Tuesday, May 03, 2011

The Botanicas of New York: San Miguel & Anaisa

"I Am With You Always" says a poster of Jesus as twin figures of Santa Muerte, "Saint Death," loom above Him. San Judas — St. Jude — patron Saint of lost causes towers above them all, while a mere three-leafed not-so-lucky clover promises...something. Chinese prosperity gods, Haitian goddesses and Indian spirit guides line the shelves behind: It's multicultural cosmic order at the Botanica San Miguel & Anaisa in Brooklyn. It's all about skulls and scythes and scepters; crowns and halos.

Is that the Holy Infant — El Divino Niño — or Elegba, African God of the crossroads? Is that Our Lady of Guadelupe, patron Saint of Mexico, or the Earth Mother Tonantzin?

San Miguel & Anaisa are syncretic Saints revered in the Dominican "21 Divisiones" tradition, though my exceeding ignorance on such matters presents me from explaining what blessings they might offer. Though their storefront would look at home on any tropical street, it's the heart of Sunset Park, Brooklyn, once home to Scandinavian immigrants and now a melting pot of Latin American and Asian newcomers as well as more established communities of folks with roots in the Spanish Caribbean.

(These windows are a reflection of something I love about New York. From time to time I'll be posting pictures from the various botanicas I stumble across. This is the second in a series. These photos were taken by me in Sunset Park, Brooklyn. Click on the images to see them larger.)


  1. I had to look up 'Botanicas' - I was only thinking in flowery terms and don't believe I have every stumbled upon a Botanica such as pictured here. It's quite interesting - something for everyone I would guess.

    Have you gone inside? I wonder with so many diverse religions icons gathered together in one small space if there is a special aura about the place.

    It's really much more than what you would see in say a San Francisco herbal and healing shop.

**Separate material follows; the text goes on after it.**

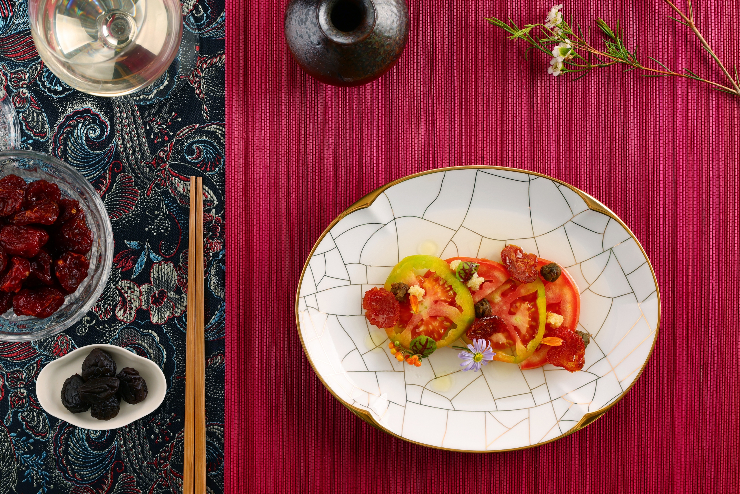 接續【薑汁黑糖番茄】,以荷人引進的黑柿番茄為主角,去皮後佐薑泥與黑糖露,酸甘之間,映照日治時期的舶來風情。再以承襲閩菜精神的【扁魚春捲】轉場,油香酥脆,是記憶中的老台北味。

  2. Botanicas started out as shops that sold herbs to herbalists, but became something quite different. Some still sell herbs but most don't. I didn't go inside this one but I've shopped at many. There are different kinds with different levels of seriousness, but they're like problem-solving shops: you go looking for help with something, and various possibilities are presented to you. They can be sort of like a spiritual pharmacy, with the prescriptions sometimes involving candles and statues and incense and perfumes and prayers. Very interesting stuff. Of course a bad one can be breeding ground for the gullible, superstitious and exploitative too, but hey, what do you think putting candy next to the register at the supermarket is?

  3. Thank you for that explanation, it was interesting. And one must always keep a wary eye, right? ;)

  4. i enjoy such things as well, ish. i like places like this, although i am not very religious, or even spiritual outside of my music intake. to know that people believe in things, even nothing, is a warm feeling to have. conviction is good.

  5. Well said freebones. I am always amazed and awed in the presence of those of faith. It truly is miraculous... and I guess that is how it should be.

  6. Hello. I grew up in Sunset Park and there were a few botánicas at the time that I remember. I was actually writing about this memory in a dissertation I am writing when I decided to include and image and came across our photos and descpritions. Would you give me permission to use those photos?

    1. Hi Isabel. Feel free to use my photos; please credit them with my url.